I would recommend that your read the previous blog first in order for this one to make any sense. Thanks!
I certainly would never recommend that an individual person or couple take it upon themselves to personally get involved between a relationship involving a husband or wife or a parent and child. It is possible that in doing so we run the risk of jeopardizing our own safety. What I am talking about is awareness. Many times we live next door to someone and never see them or pay any attention to them, beyond saying, hello.
Sometimes we need to consider forming a neighborhood watch if there is not currently one in our neighborhood. Many times in an abuse situation the adults will act strange in that they deliberately appear to be shunning the entire neighborhood. Abuse can only function in isolation as well as meth houses, can only operate in secret. We need to pay attention to what kind of a scream it is. Children playing and screaming and having fun do not sound like the scream of abuse nor do wives sound like someone having fun. Error on the side of caution for the child’s sake,without thinking that we might appear foolish.
What time are the kids coming home from school and are they old enough to be babysitting themselves? Are they being left alone at night while Mom and dad are out? Just in general we should not worry about being a “nosy Rosy” as many times we neighbors are all the children and wives have to protect them against abuse.
This small town near where I lived, like all small towns, was a gossip haven. They had a neighbor that they knew who was scrubbing their 8 year old daughter in lye with a wire brush along with other abuses. I never heard a thing about it while the family lived there but once they left and moved to a larger size of town they were immediately reported to Social Service and the little girl removed from their care.
The first thing I wanted to know was, why was this kept secret, when nothing else was. I haven’t a doubt that if someone like myself had heard about it, I would have reported it, so when I asked, it became apparent to me, immediately, the reason no one told me was because they did not want Social Service snooping around in their town. It clearly was not the only family where abuse was taking place. Statistics show that in any neighborhood of any size of town, one house out of three on each block, has some form of abuse taking place.
There is a terrible smell that gets absorbed into the clothing,hair and even lungs and skin of children when meth is cooking. It cannot be missed. We need to get in a habit of getting close enough to a child playing outside if we cannot already smell it coming from the home. We can ask them if they think their parents would care if they had a lollypop or if they want to play at the park with our child. If the mother never comes out and visits while we are visiting with the children or if none of them are ever outside perhaps it is time that we make the effort to get more acquainted.
I am not talking about the monthly or by-weekly pity trips or snoop sessions that I wrote about ,previously, that takes place in small towns nor am I suggesting they take an interest in what we are interested in. Once we find out that the kids are just couch potatoes and are entertained by t.v. or she has hobbies like reading or painting then at least we have an explanation over just guessing.
Not all meth houses are isolated from a neighborhood. We need to pay attention to bruises and broken bones that are not common. Especially if the children are sedate and are couch potatoes. If in visiting with the children or wife, we find that they are falling a lot more that what normal children or adults fall then get suspicious and contact the right authorities. Ask to remain annonymous.
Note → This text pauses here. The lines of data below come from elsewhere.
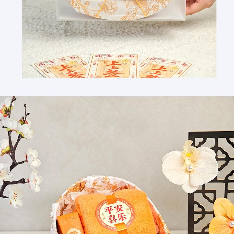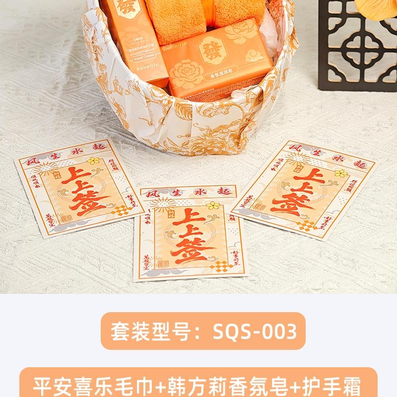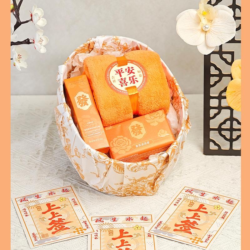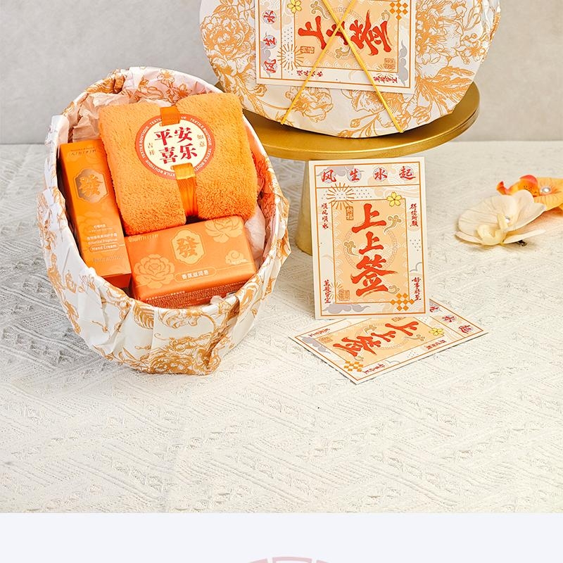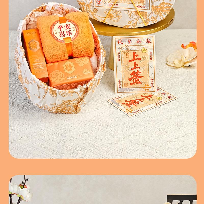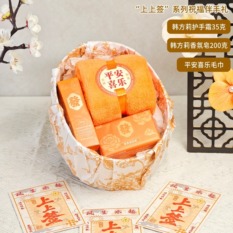 组合:平安喜乐毛巾、韩方莉香氛皂200克、韩方莉柔润护手霜35克、古风绑绳礼盒+上上签贺卡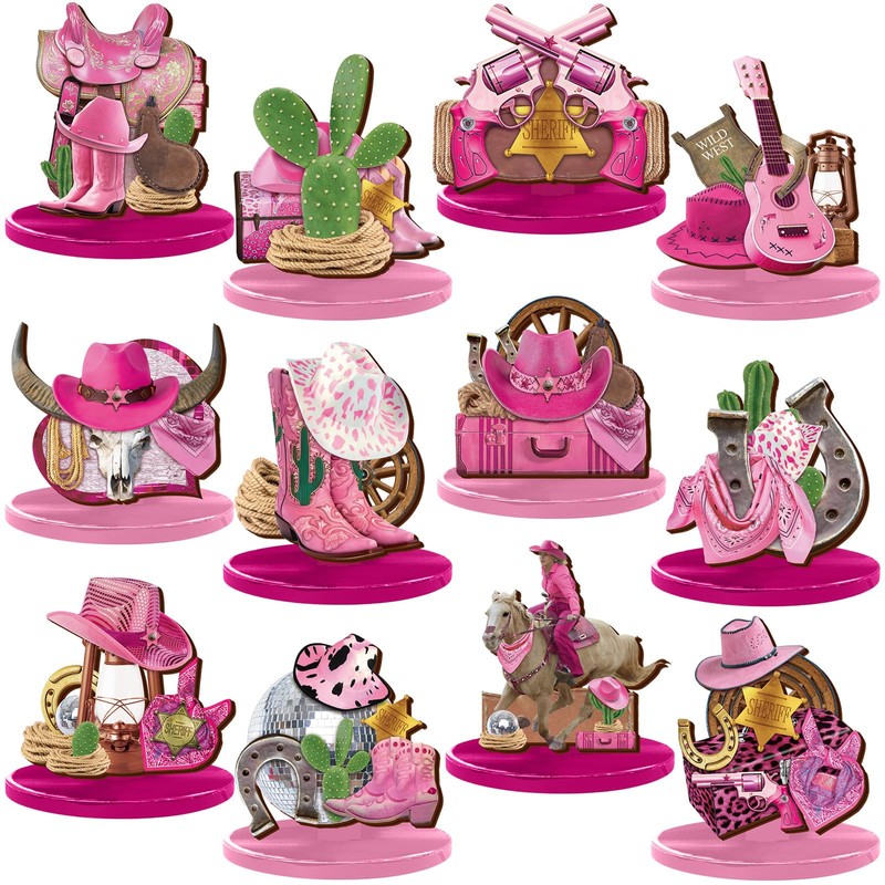- Package Includes: comes with 12 pieces of cowgirl party centerpieces for tables in 12 different styles, convenient to use, just plug the centerpieces into the base, then you will get 12 pieces of complete and distinctive art projects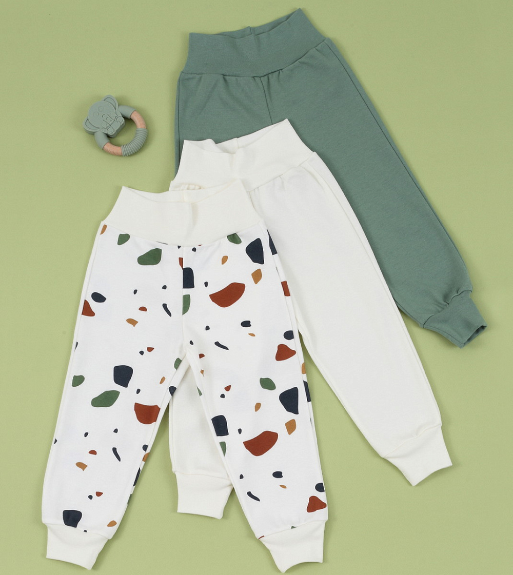 Штанишки из этой коллекции дополнены мягким широким поясом и эластичными манжетами - на маленькие ножки и крохотный животик резинка давить не будет.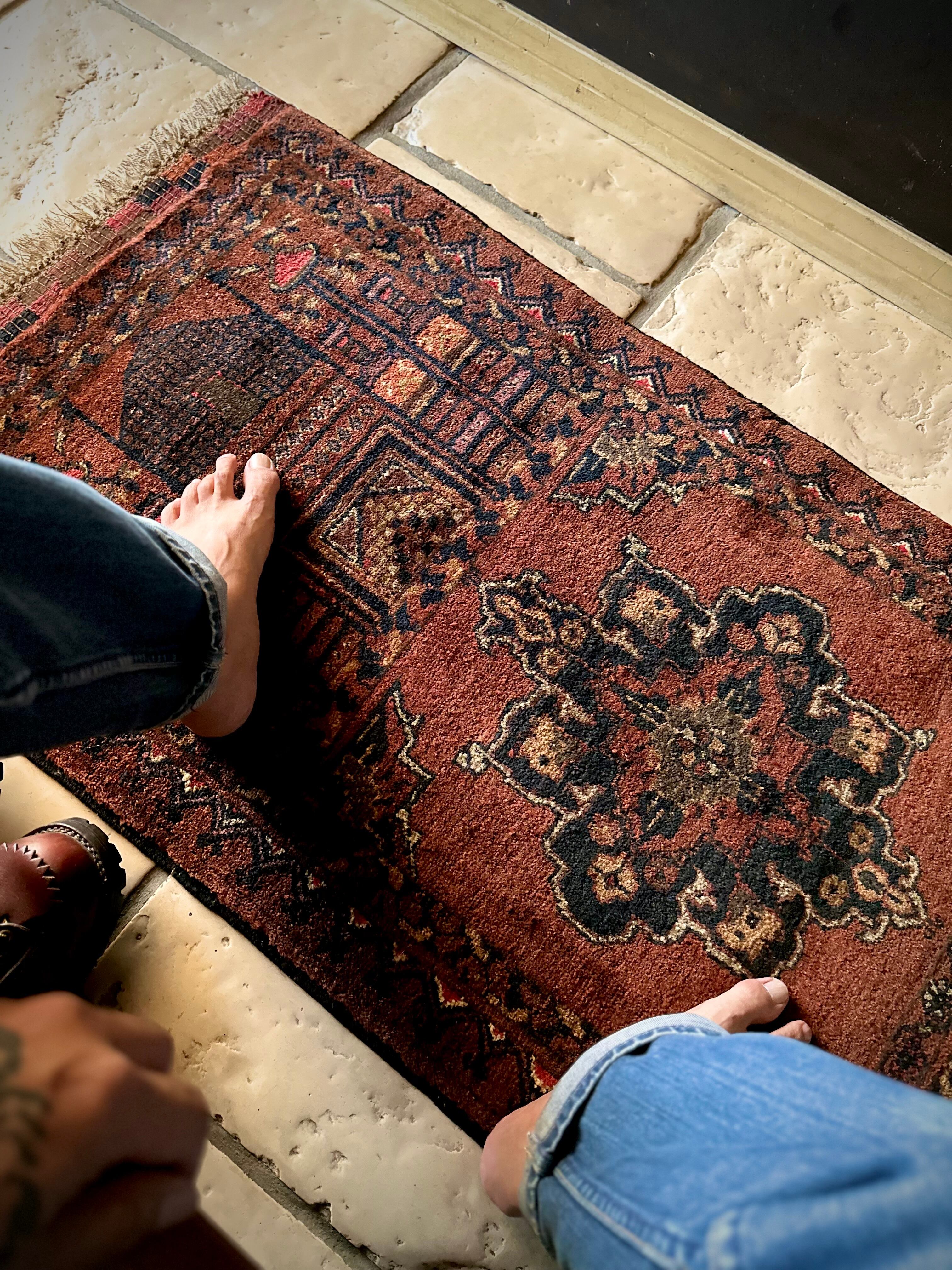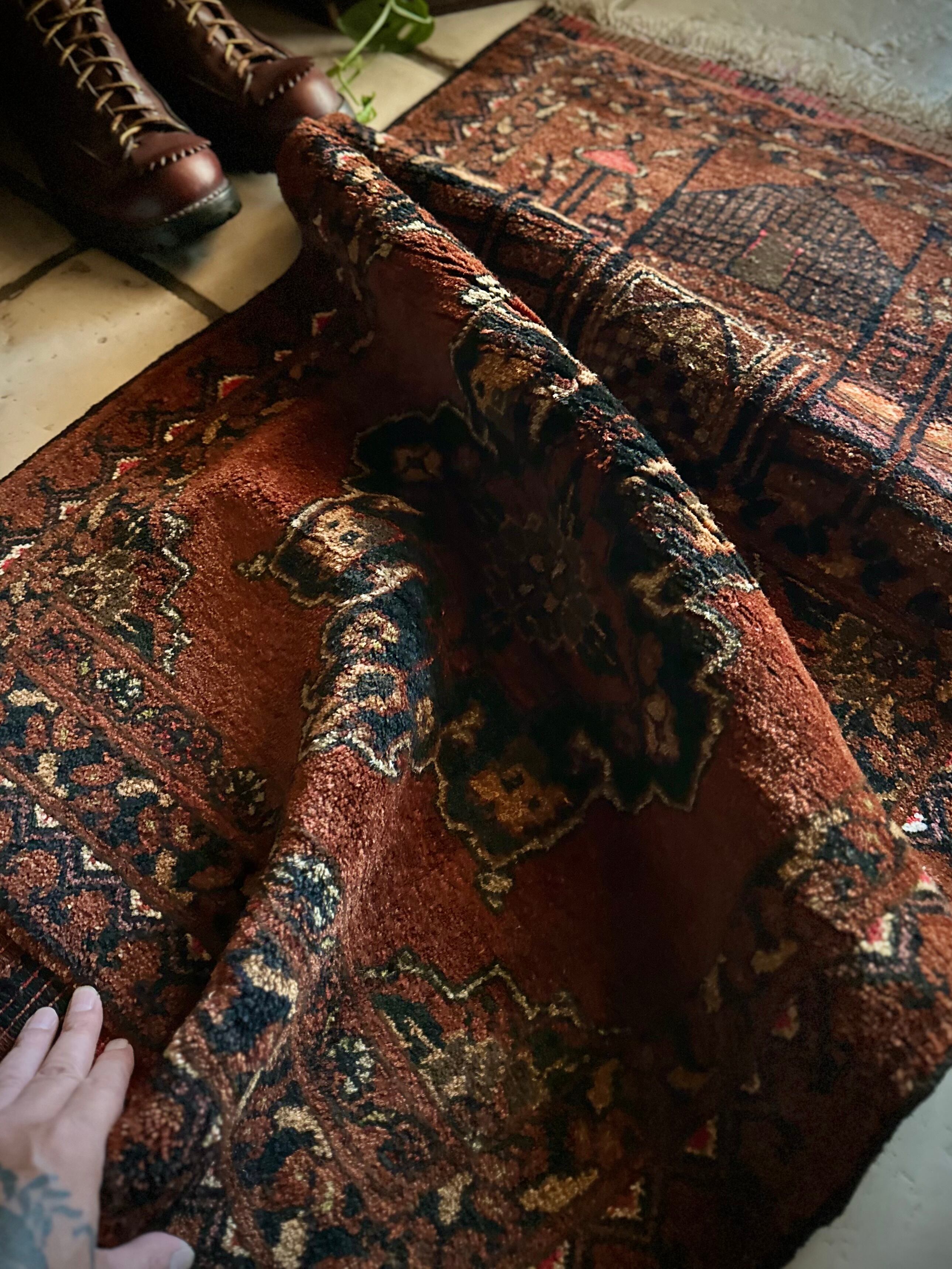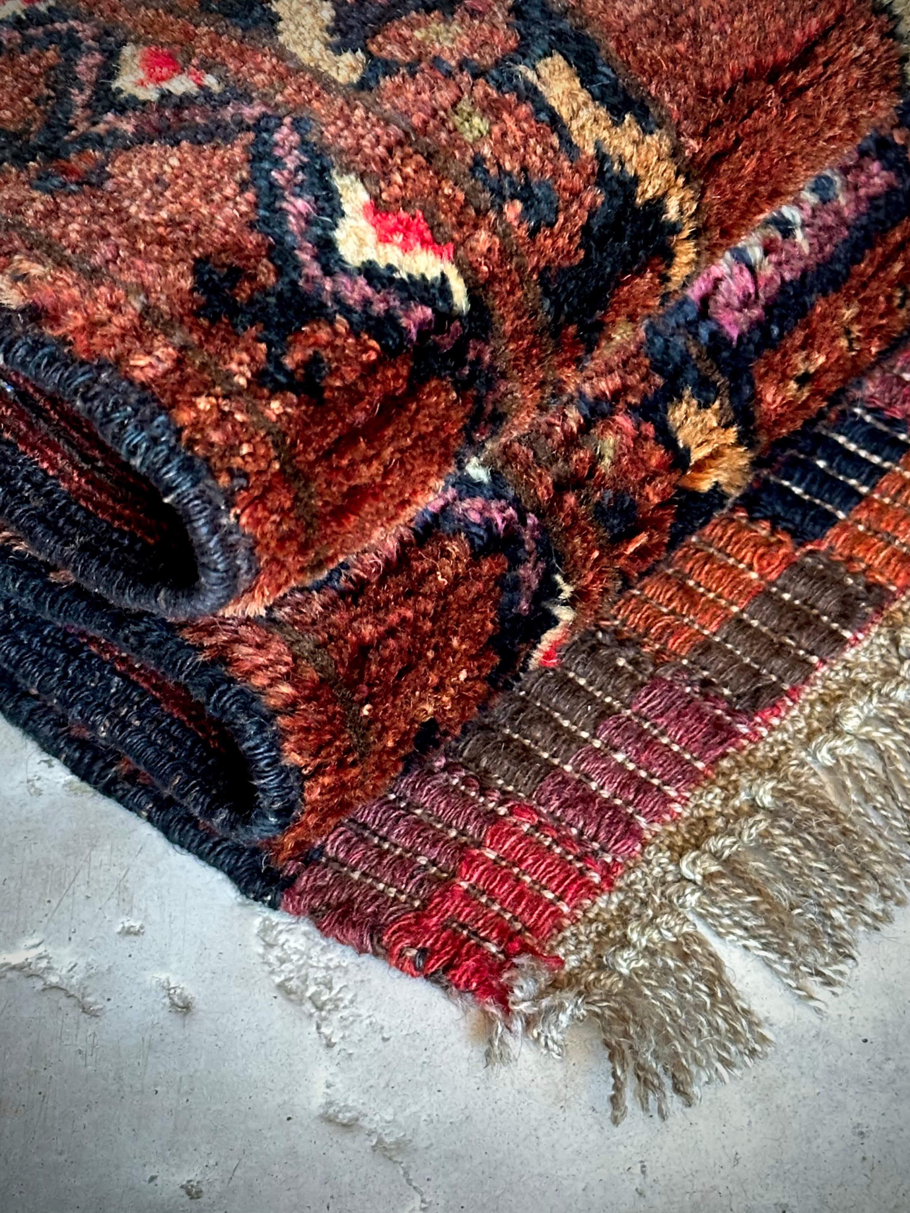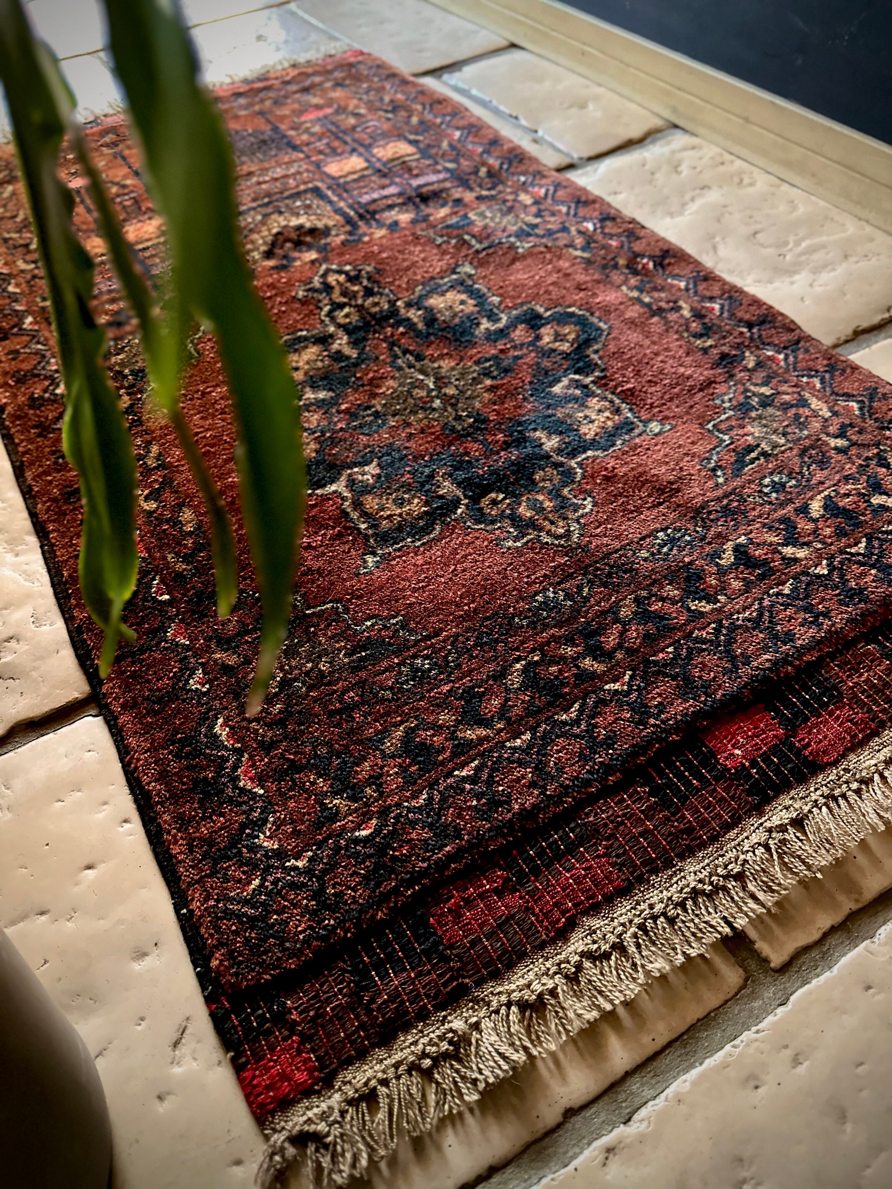 最後にラグそのものに関しては羊毛特有の匂いがあり、採寸は中央付近で計測していますが、手織りならではの歪みによる誤差や水洗いクリーニングによる縮み、また草木染めによる経年劣化の色ムラなどがありますが、それもまたヴィンテージラグの魅力かとご理解ください。

Otherwise if your neighborhood is not the place you want to help then contact soup kitchens, large daycares, schools, and ask if they can use help with children, check with Children’s hospitals in regard to gifting or volunteering time. Large physcal therapy Clinics may be able to use free volunteer work with their children. In general anyplace where children play, work, or sleep.
We need to just remember to be more aware or alert of the children than what we commonly are. Obviously, the only way we can stop more laws and more government is if we start giving a little time. I know we are already short of time and energy as it is, but what I am talking about,for the most part, requires looking out the door or window and using both our eyes, ears and common sense. Time that we all have, that costs nothing, but could save so much more than any of us can imagine.